START The records

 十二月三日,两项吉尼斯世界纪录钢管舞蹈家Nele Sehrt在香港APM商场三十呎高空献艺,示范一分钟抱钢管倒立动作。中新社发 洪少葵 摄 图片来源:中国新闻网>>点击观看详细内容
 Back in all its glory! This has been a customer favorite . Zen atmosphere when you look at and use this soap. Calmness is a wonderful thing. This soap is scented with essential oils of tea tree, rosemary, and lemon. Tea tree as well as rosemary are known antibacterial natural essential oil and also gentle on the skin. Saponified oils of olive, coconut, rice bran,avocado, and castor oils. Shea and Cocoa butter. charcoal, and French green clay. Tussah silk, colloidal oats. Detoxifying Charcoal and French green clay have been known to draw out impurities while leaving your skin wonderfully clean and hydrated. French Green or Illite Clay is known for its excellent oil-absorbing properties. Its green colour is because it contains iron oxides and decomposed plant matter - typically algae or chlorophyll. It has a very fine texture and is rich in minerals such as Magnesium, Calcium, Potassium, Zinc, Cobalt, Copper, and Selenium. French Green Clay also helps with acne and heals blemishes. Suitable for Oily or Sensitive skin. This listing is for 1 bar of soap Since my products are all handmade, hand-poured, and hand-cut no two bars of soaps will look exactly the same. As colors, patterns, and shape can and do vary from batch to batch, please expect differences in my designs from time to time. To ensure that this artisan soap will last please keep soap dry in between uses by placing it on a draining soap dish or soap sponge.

END The records
START The records

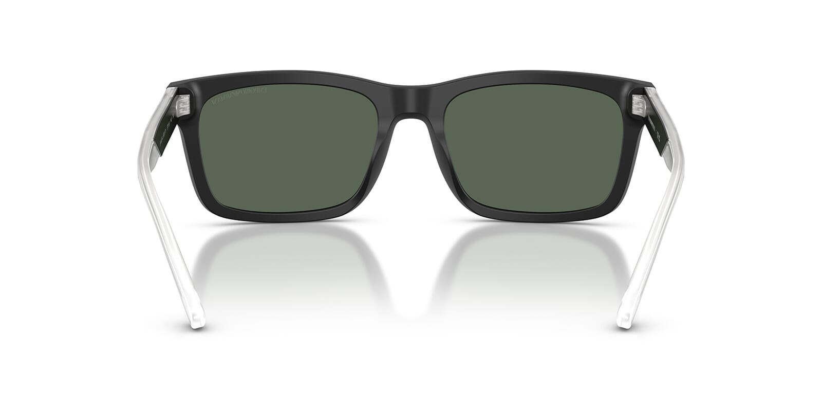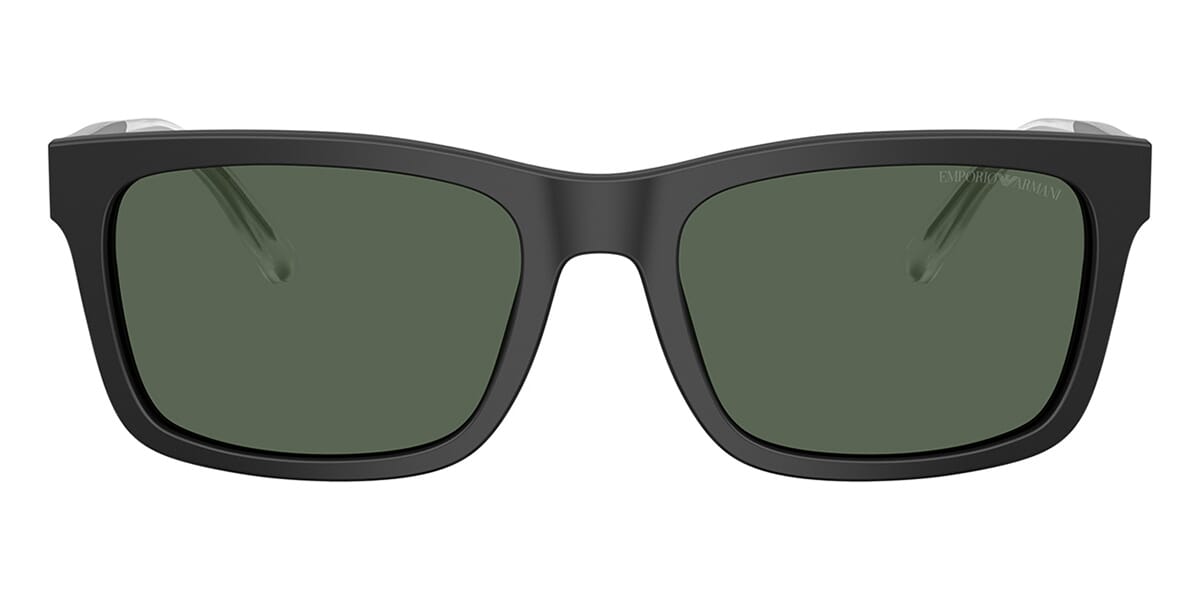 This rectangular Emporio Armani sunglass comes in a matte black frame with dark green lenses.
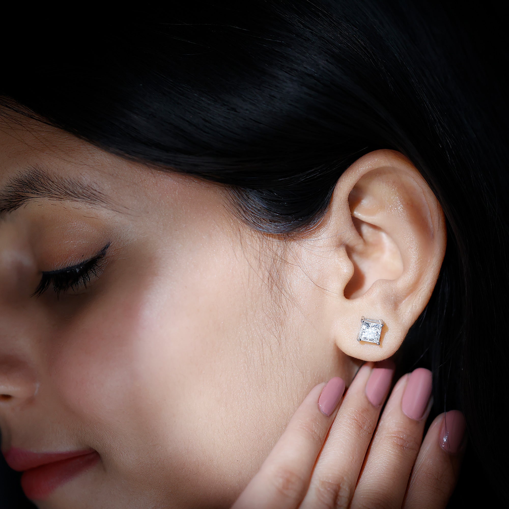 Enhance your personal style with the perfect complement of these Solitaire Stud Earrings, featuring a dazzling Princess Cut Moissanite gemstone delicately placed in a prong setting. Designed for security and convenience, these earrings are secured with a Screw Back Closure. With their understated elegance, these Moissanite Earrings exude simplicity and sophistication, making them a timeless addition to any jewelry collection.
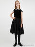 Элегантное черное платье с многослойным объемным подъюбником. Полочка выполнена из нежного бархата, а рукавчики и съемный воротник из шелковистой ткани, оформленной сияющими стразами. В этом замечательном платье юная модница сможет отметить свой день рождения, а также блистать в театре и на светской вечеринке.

END The records
START The records

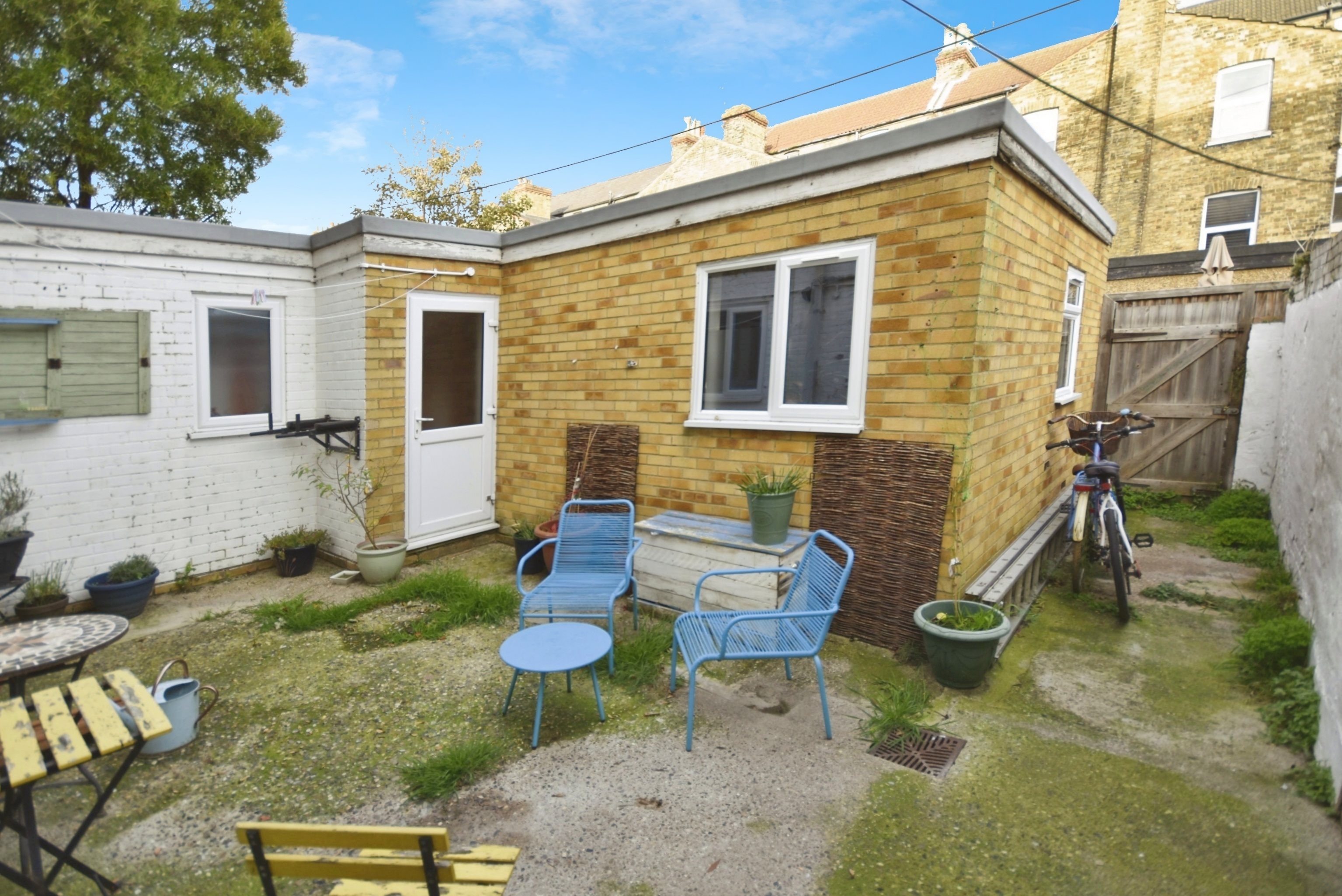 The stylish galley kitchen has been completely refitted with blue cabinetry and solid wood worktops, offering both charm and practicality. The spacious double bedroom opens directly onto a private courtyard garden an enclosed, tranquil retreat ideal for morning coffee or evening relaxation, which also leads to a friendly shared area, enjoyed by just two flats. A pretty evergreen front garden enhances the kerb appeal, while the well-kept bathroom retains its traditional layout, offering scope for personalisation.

END The records

Assigned task: An exact copy of the lines above between the line holding "洪少葵 摄 图片来源:中国新闻网>>点击观看详细内容" and the line holding "Back in all", inclusive, is the whole answer.

Solution:
 十二月三日,两项吉尼斯世界纪录钢管舞蹈家Nele Sehrt在香港APM商场三十呎高空献艺,示范一分钟抱钢管倒立动作。中新社发 洪少葵 摄 图片来源:中国新闻网>>点击观看详细内容
 Back in all its glory! This has been a customer favorite . Zen atmosphere when you look at and use this soap. Calmness is a wonderful thing. This soap is scented with essential oils of tea tree, rosemary, and lemon. Tea tree as well as rosemary are known antibacterial natural essential oil and also gentle on the skin. Saponified oils of olive, coconut, rice bran,avocado, and castor oils. Shea and Cocoa butter. charcoal, and French green clay. Tussah silk, colloidal oats. Detoxifying Charcoal and French green clay have been known to draw out impurities while leaving your skin wonderfully clean and hydrated. French Green or Illite Clay is known for its excellent oil-absorbing properties. Its green colour is because it contains iron oxides and decomposed plant matter - typically algae or chlorophyll. It has a very fine texture and is rich in minerals such as Magnesium, Calcium, Potassium, Zinc, Cobalt, Copper, and Selenium. French Green Clay also helps with acne and heals blemishes. Suitable for Oily or Sensitive skin. This listing is for 1 bar of soap Since my products are all handmade, hand-poured, and hand-cut no two bars of soaps will look exactly the same. As colors, patterns, and shape can and do vary from batch to batch, please expect differences in my designs from time to time. To ensure that this artisan soap will last please keep soap dry in between uses by placing it on a draining soap dish or soap sponge.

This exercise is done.